:: INFORMATION SHOWN ::
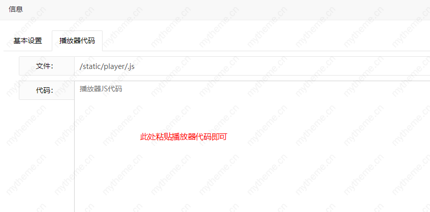 3,播放器代码填写到此处。这就表明我们添加的播放器使用的是DPlayer播放器来播放。
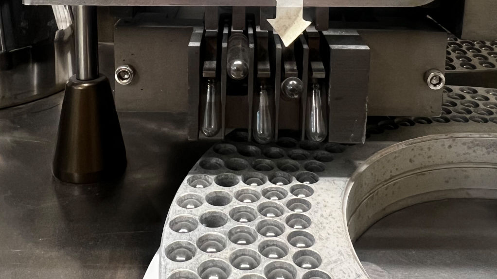 Das Abfüllen erfolgt nacheinander. Die Maschine kontrolliert über eine Waage die genaue Menge, die in jedes Gefäß gefüllt wird. So können wir ein konstantes Niveau gewährleisten. Mit Hilfe eines Fußpedals lässt sich die Abfüllung regeln.
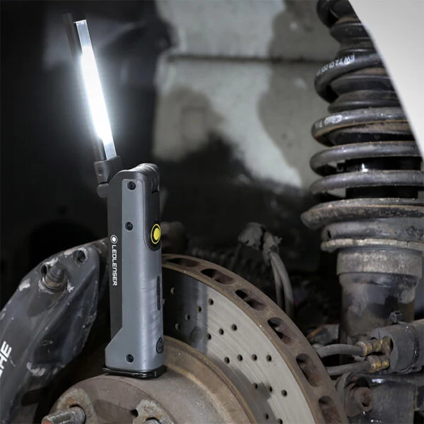 What’s included: LEDLenser iW5R Flex Work Light, integrated rechargeable battery, magnetic base, hanging hook, charging cable (round barrel plug on one end, USB-A on the other end) and AC adapter
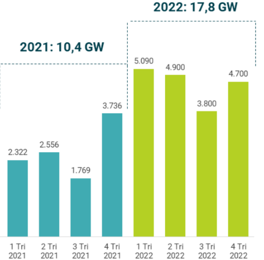 De acuerdo al Estudio Estratégico de Generación Distribuida, la evolución de este mercado puede estar representada por la cantidad de módulos fotovoltaicos demandados. El Estudio señaló que el volumen importado superó los 17 GW durante 2022. Ese valor fue un 71% superior en comparación con 2021, lo que indica inversiones superiores a R$ 64 mil millones.
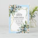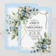 Convite Azul e Dourado Floral Elegante Aquarela Rústica
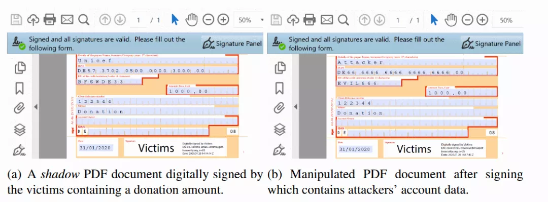 他们的新阴影攻击不同于他们的第一次攻击,因为它不篡改数字签名,作为第一次攻击,而是使用PDF的内容而不破坏签名。
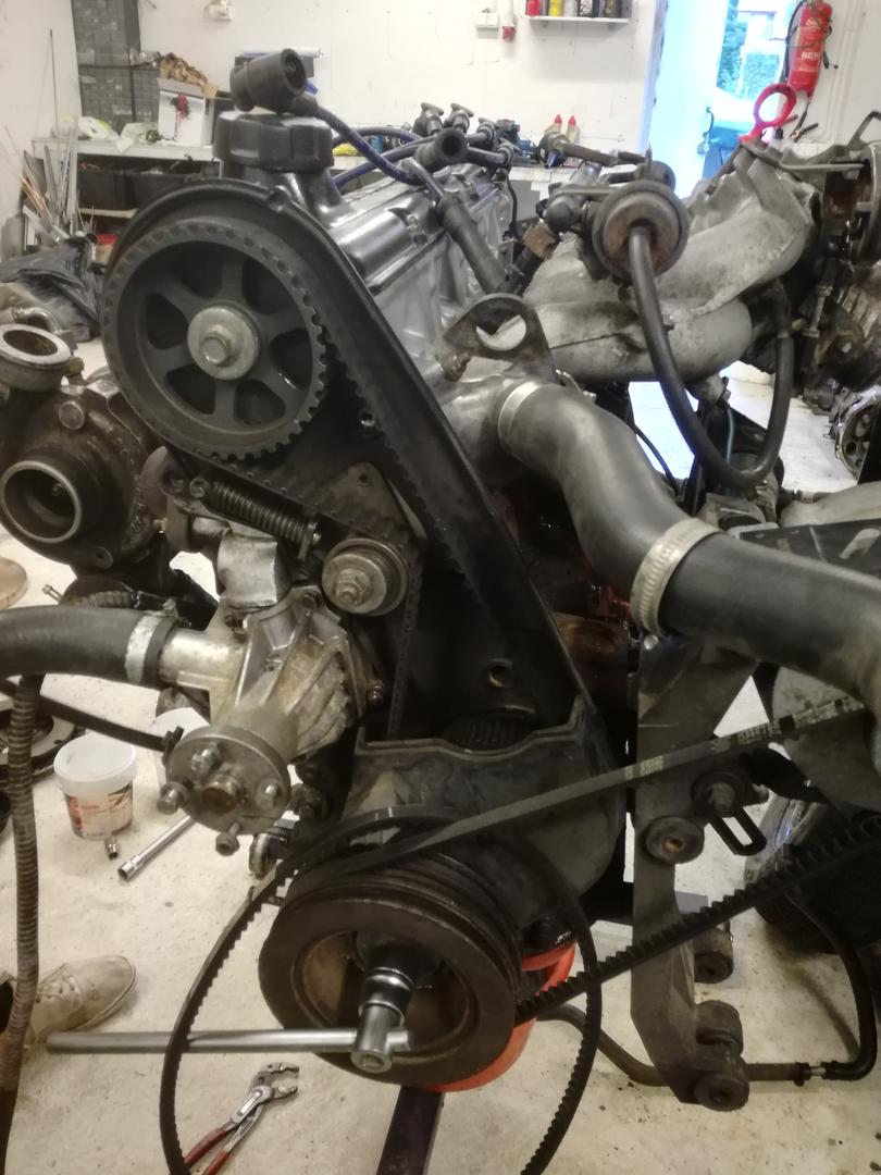 Siis kellari auki ja tutkimaan vauriot. Kolme veiviä oli silmämääräisesti ainakin banaanina. Onneksi velipuolelta löytyi spm veivit, volvon vahvin m90 laatikko ja jotain laakereita hyllystä. Ne tuli lunastettua pois ja kasa muita osia tilattua. Alakerta meni kasaan uusilla laakereilla ja männänrenkailla, Tässä oli paikoillaan 530 pieni venttiili kansi josta päädyttiin luopua ja tilalle 531 iso venttili kansi vähän siistittynä ja kg trimning nokalla kun sattui sopivasti myynnissä olemaan. Tuubisarja löysi myös oman paikan ja siihen jatkoksi tallista holsetin hx35 ja iso kiina cooleri. Ahtoputki aineet ja tt bypass löytyi myös nurkista, Moottorin ohjauksena tässä on volvon oma lh2.4 joten maf piti suurentaa. S2 maffista joskus katkesi lanka ja sitä ihmetellessä näytti lähes samalta mittapää kinnitykseltä kuin volvossa. No näinhän se oli että vaihtoi vain volvon mittapään audin runkoon. Jakajasta päätin myös luopua ja kaveri kolvasi lisäkortin ezk boxiin jonka päähän tuli vag hukkakipinä puola uusilla tulpan johdoilla.

:: WHAT THE TASK REQUIRES ::
Write out each line of the listing above, exactly, from its first line to the line holding "他们的新阴影攻击不同于他们的", inclusive. Skip the pictures.

:: EXERCISE RESULT ::
 3,播放器代码填写到此处。这就表明我们添加的播放器使用的是DPlayer播放器来播放。
 Das Abfüllen erfolgt nacheinander. Die Maschine kontrolliert über eine Waage die genaue Menge, die in jedes Gefäß gefüllt wird. So können wir ein konstantes Niveau gewährleisten. Mit Hilfe eines Fußpedals lässt sich die Abfüllung regeln.
 What’s included: LEDLenser iW5R Flex Work Light, integrated rechargeable battery, magnetic base, hanging hook, charging cable (round barrel plug on one end, USB-A on the other end) and AC adapter
 De acuerdo al Estudio Estratégico de Generación Distribuida, la evolución de este mercado puede estar representada por la cantidad de módulos fotovoltaicos demandados. El Estudio señaló que el volumen importado superó los 17 GW durante 2022. Ese valor fue un 71% superior en comparación con 2021, lo que indica inversiones superiores a R$ 64 mil millones.
 Convite Azul e Dourado Floral Elegante Aquarela Rústica
 他们的新阴影攻击不同于他们的第一次攻击,因为它不篡改数字签名,作为第一次攻击,而是使用PDF的内容而不破坏签名。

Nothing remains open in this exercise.